SUPPLIED DATA:
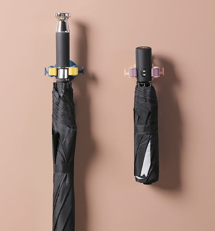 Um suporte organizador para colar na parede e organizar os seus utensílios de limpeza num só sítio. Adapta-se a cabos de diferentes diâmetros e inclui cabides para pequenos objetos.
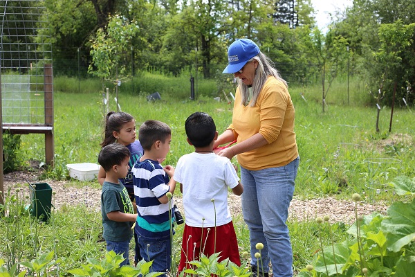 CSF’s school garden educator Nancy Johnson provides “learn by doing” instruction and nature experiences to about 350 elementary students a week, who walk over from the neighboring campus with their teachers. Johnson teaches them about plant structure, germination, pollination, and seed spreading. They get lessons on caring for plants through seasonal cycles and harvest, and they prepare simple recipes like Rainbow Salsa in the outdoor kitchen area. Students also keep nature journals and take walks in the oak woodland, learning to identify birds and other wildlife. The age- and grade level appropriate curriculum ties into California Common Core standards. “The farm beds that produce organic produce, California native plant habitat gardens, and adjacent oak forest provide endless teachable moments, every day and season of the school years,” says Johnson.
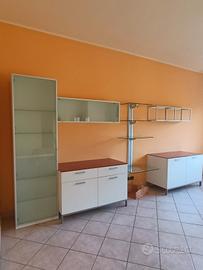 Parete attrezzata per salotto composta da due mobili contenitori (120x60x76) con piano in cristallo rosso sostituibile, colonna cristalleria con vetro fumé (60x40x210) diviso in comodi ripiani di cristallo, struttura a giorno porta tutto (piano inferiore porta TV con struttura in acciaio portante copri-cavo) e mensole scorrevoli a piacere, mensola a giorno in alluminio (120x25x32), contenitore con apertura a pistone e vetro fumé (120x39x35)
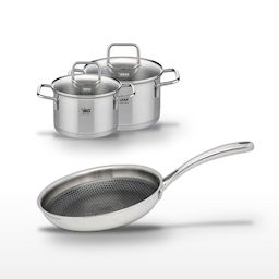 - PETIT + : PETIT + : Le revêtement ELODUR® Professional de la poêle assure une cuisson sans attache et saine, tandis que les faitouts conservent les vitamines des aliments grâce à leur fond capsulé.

TASK: Go through the listing above and write it out again exactly, dropping the pictures.

RESPONSE TO THE TASK:
 Um suporte organizador para colar na parede e organizar os seus utensílios de limpeza num só sítio. Adapta-se a cabos de diferentes diâmetros e inclui cabides para pequenos objetos.
 CSF’s school garden educator Nancy Johnson provides “learn by doing” instruction and nature experiences to about 350 elementary students a week, who walk over from the neighboring campus with their teachers. Johnson teaches them about plant structure, germination, pollination, and seed spreading. They get lessons on caring for plants through seasonal cycles and harvest, and they prepare simple recipes like Rainbow Salsa in the outdoor kitchen area. Students also keep nature journals and take walks in the oak woodland, learning to identify birds and other wildlife. The age- and grade level appropriate curriculum ties into California Common Core standards. “The farm beds that produce organic produce, California native plant habitat gardens, and adjacent oak forest provide endless teachable moments, every day and season of the school years,” says Johnson.
 Parete attrezzata per salotto composta da due mobili contenitori (120x60x76) con piano in cristallo rosso sostituibile, colonna cristalleria con vetro fumé (60x40x210) diviso in comodi ripiani di cristallo, struttura a giorno porta tutto (piano inferiore porta TV con struttura in acciaio portante copri-cavo) e mensole scorrevoli a piacere, mensola a giorno in alluminio (120x25x32), contenitore con apertura a pistone e vetro fumé (120x39x35)
 - PETIT + : PETIT + : Le revêtement ELODUR® Professional de la poêle assure une cuisson sans attache et saine, tandis que les faitouts conservent les vitamines des aliments grâce à leur fond capsulé.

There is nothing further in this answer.